> [PROBLEM DESCRIPTION]
Each line of the entries below that includes "trường" belongs in your answer.

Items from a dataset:
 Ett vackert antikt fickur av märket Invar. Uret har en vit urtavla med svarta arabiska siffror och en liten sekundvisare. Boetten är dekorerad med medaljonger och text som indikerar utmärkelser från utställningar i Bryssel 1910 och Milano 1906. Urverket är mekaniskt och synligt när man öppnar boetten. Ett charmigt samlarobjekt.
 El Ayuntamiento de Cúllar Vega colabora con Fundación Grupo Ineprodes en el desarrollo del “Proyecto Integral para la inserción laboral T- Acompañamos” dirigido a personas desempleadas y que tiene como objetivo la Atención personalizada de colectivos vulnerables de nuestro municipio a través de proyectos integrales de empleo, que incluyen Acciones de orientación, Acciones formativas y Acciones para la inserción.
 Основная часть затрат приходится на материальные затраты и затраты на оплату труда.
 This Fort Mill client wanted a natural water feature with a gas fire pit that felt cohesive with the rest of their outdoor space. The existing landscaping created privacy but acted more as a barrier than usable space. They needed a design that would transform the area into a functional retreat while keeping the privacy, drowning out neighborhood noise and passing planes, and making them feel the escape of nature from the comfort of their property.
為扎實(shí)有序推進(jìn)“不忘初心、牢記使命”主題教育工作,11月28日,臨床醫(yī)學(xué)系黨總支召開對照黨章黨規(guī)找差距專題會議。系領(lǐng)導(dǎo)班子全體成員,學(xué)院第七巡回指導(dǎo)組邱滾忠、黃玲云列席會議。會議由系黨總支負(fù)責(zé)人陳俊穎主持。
--
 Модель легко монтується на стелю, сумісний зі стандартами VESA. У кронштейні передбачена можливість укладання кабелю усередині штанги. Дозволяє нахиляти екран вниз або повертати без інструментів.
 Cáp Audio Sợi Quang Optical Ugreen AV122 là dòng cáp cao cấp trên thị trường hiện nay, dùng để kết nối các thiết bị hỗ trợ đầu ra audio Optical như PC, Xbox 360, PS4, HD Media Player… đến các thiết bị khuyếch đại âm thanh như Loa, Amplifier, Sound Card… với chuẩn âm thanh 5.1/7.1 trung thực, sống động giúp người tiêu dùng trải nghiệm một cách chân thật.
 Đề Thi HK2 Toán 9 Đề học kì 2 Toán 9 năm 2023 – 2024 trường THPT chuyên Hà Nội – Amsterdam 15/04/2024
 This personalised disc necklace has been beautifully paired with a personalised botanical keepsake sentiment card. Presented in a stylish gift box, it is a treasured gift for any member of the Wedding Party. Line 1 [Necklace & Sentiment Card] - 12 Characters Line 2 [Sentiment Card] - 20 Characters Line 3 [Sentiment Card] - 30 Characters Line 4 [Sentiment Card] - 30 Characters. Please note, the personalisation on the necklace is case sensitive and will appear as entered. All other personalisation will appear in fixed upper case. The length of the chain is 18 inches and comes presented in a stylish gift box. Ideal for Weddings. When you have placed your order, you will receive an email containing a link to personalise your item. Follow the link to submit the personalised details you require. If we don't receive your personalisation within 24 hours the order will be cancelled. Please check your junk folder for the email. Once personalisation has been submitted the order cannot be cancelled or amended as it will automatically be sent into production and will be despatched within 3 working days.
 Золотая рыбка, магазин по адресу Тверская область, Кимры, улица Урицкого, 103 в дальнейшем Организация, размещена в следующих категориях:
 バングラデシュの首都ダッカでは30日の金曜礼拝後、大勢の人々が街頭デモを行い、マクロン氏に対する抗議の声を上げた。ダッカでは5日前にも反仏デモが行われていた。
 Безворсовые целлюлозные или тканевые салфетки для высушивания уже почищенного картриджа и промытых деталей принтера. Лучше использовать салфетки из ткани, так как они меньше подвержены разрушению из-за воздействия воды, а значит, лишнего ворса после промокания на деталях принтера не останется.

> [EXPECTED OUTPUT]
 Cáp Audio Sợi Quang Optical Ugreen AV122 là dòng cáp cao cấp trên thị trường hiện nay, dùng để kết nối các thiết bị hỗ trợ đầu ra audio Optical như PC, Xbox 360, PS4, HD Media Player… đến các thiết bị khuyếch đại âm thanh như Loa, Amplifier, Sound Card… với chuẩn âm thanh 5.1/7.1 trung thực, sống động giúp người tiêu dùng trải nghiệm một cách chân thật.
 Đề Thi HK2 Toán 9 Đề học kì 2 Toán 9 năm 2023 – 2024 trường THPT chuyên Hà Nội – Amsterdam 15/04/2024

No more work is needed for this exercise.